Today I’m thankful for…
…the opportunity to assist in the training of new PA students once a year
…a short lab after long hours of clinical exams
…dinner courtesy of my roommate
…ten hours of sleep last night
…a restful awakening at 6 this morning
…grading completed and entered on time
…a relatively smooth-running lab this morning
…productive time before lunch
…a lovely lunch with my father (our Thursday ritual)
…an even more productive time after lunch
…a painless meeting
…my advisor not getting freaked about the idea of me changing my thesis
…another student at office hours (even if he was just there to make up a test) and some more productive time
…good (I think) conversation with our department chair
…productive thinking time on the way to the class I TA for
…productive time writing questions at the class I TA for
…finally finishing that (dern) Love Month post!
…a chance to sleep again soon.


Thankful Thursday: Today

Today I’m thankful…

…for a productive day of grading/resource writing

…for Anna’s guest post that arrived just when I was thinking I wouldn’t have time or energy to post again today.

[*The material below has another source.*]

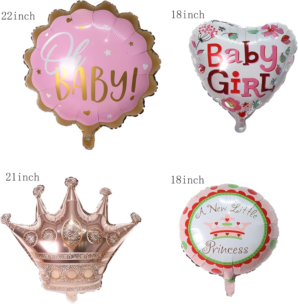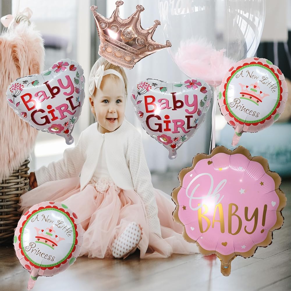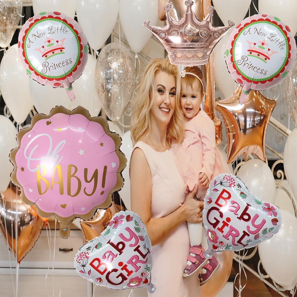 Pink Baby Girl Balloon Set:This baby girl balloon party set including 1 pcs pink oh baby balloon,1 pcs little rose gold crown balloon,2 pcs baby girl heart balloons and 2 pcs pink little circle balloons,they are enough to meet your need to decorate your party for welcoming your little one's arrival.

…for leftovers I’d almost forgotten I had (but which hit the spot after a long day of work)

…for a package inside my screen door from my bloggy-friend Becky

…for a (slightly) early arrival to the class I TA for (I generally roll in just barely under the clock from my office hour–this time I had 5 minutes to spare)

…for a good conversation with my dad at lunch (lots to think about, lots of perspective, lots to process–but good)

…for another (relatively) successful lab this morning

…for a wake-up call. I almost overslept this morning, but God woke me up with a jolt before it was too late (I even had time to put on makeup!)

…for a good night of sleep. (I haven’t been sleeping that well lately, but last night was heavenly.)

…for the grace and mercy of God, poured out on one such as I–faithless except that He grants me faith, hard-hearted except that He changes my heart, utterly self-centered except that He reveals Himself. I am overwhelmed by His goodness and captivated by His love.